YOUR ASSIGNMENT: Everything from the line that holds "This paper presents" through the end of the records below is to be transcribed exactly, except the pictures.
** EXERCISE INPUT follows **
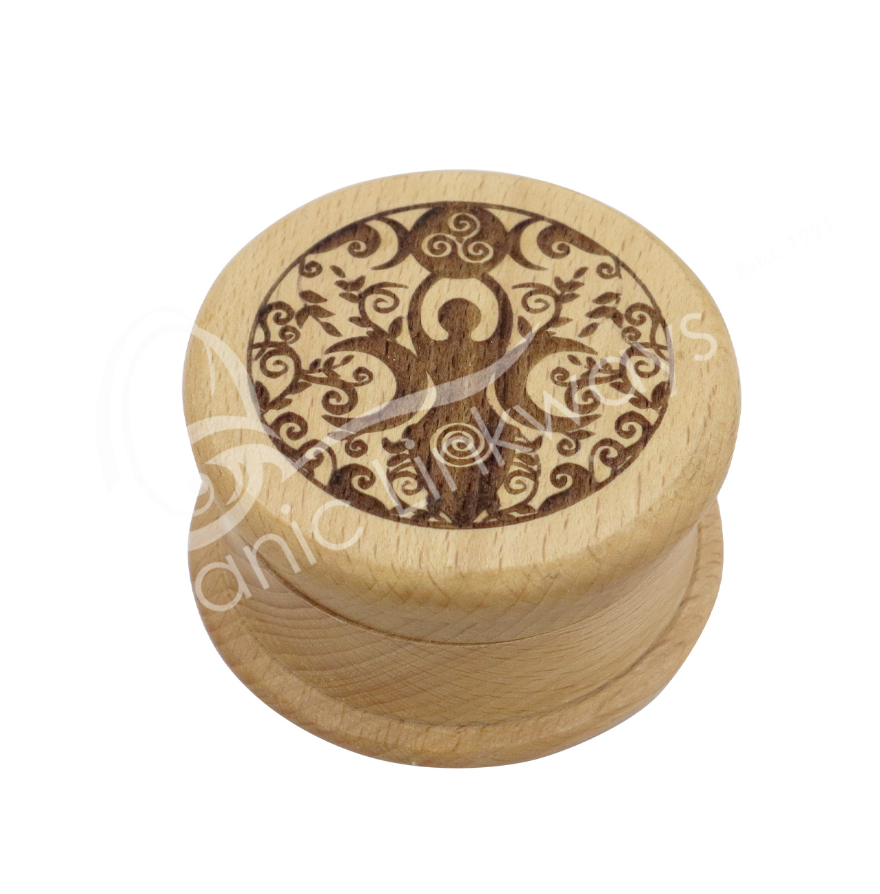 GRINDER FOR HERBS – WOOD ENGRAVED GODDESS 2.5″DIA.
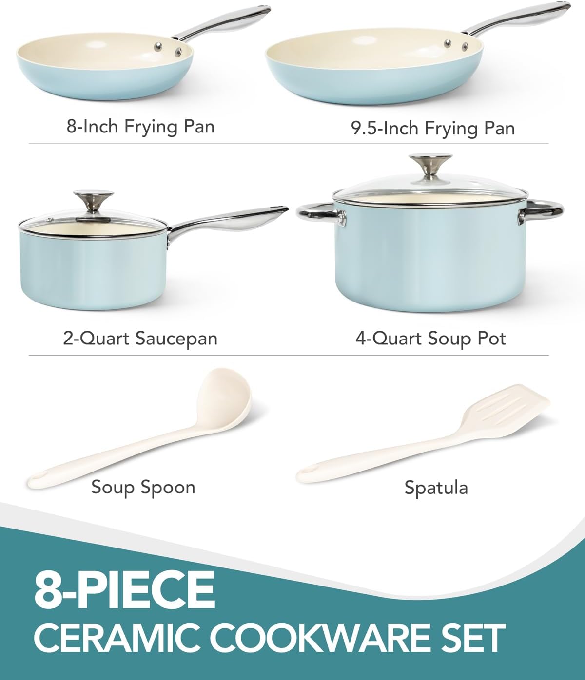 MICHELANGELO Pots and Pans Set Non Stick – Titanium Cookware Set Non Toxic Ceramic Coating, 8-Pcs Nonstick Pots and Pans with Ergonomic Handle, Dishwasher Safe & Induction Compatible, Blue
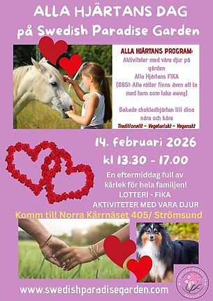 Fira Alla hjärtans dag på Swedish Paradise Garden med djur, fika och kärlek – lördagen 14 februari, fri entré!
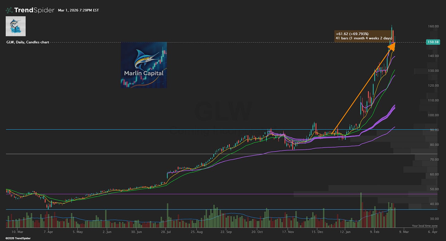 GLW is our top unrealized performer YTD and a clear market leader in the Optical Connectivity theme. As I covered in “Leaders Shine Bright”, the optical segment is growing rapidly driven by the 800G/1.6T upgrade cycle.
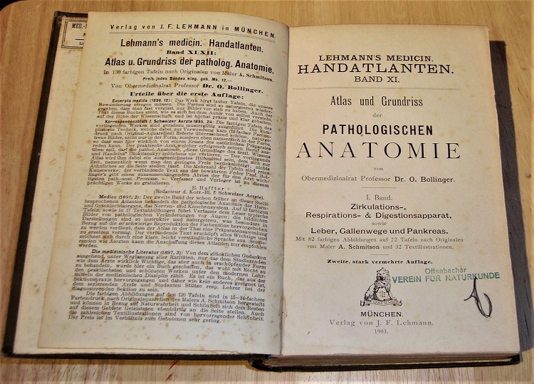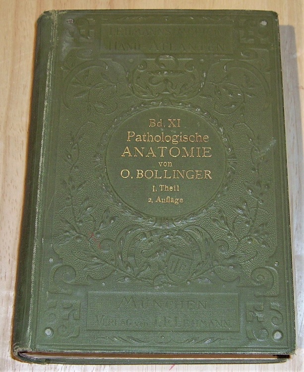 Bollinger, Otto.: Zirkulations-, Respirations- uns Digestionsapparat sowie Leber, Gallenwege und Pankreas. Atlas und Grundriss der pathologischen Anatomie, 1. 2., stark verm. Aufl. München: J. F. Lehmanns Verlag, 1901. 8“. VIII, 223 S. mit 82 farb. Abb. auf Tafeln nach Originalen von Maler A. Schmitson und 32 Textillustrationen. Geprägtes Ln. Deutliche Gebrauchsspuren. Einband berieben / fleckig / Ecken u. Kapitale bestoßen. Schnitt gebräunt und etw. fleckig. Die Vorsätze / Titel braunfleckig. Sonst innen sauber und gut erhalten. Lehmann´s medicin. Handatlanten Band XI.
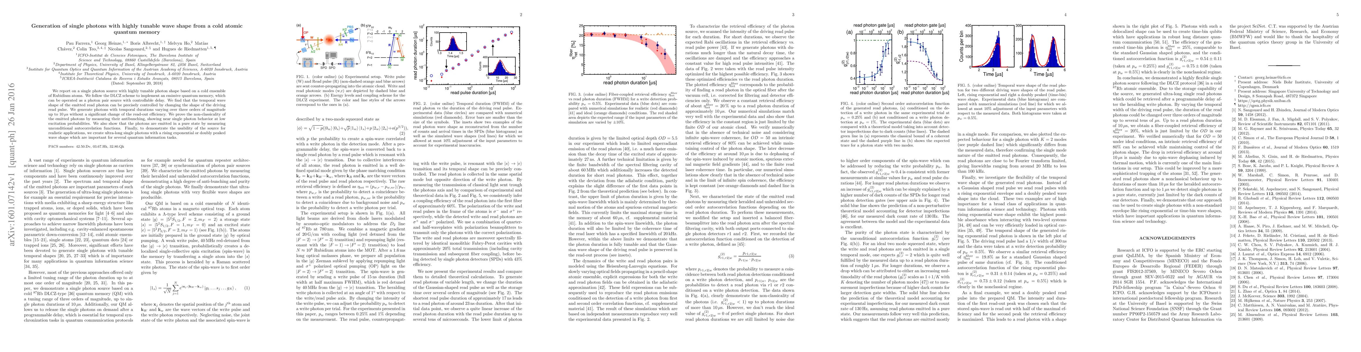 This paper presents a single photon source based on a cold Rubidium atomic ensemble, utilizing the DLCZ scheme for tunable photon shapes. The temporal wave shape can be precisely controlled by adjusting the read pulse, generating photons with durations up to 10 μs while maintaining high efficiency and demonstrating non-classicality through antibunching and pure state emission.
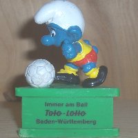 | The Tennis smurfette on the sockel is more than likely glued to the wrong sockel, as this sockel usually has the congratulation smurf on it. |
** End of EXERCISE INPUT **
TASK RESPONSE:
 This paper presents a single photon source based on a cold Rubidium atomic ensemble, utilizing the DLCZ scheme for tunable photon shapes. The temporal wave shape can be precisely controlled by adjusting the read pulse, generating photons with durations up to 10 μs while maintaining high efficiency and demonstrating non-classicality through antibunching and pure state emission.
 | The Tennis smurfette on the sockel is more than likely glued to the wrong sockel, as this sockel usually has the congratulation smurf on it. |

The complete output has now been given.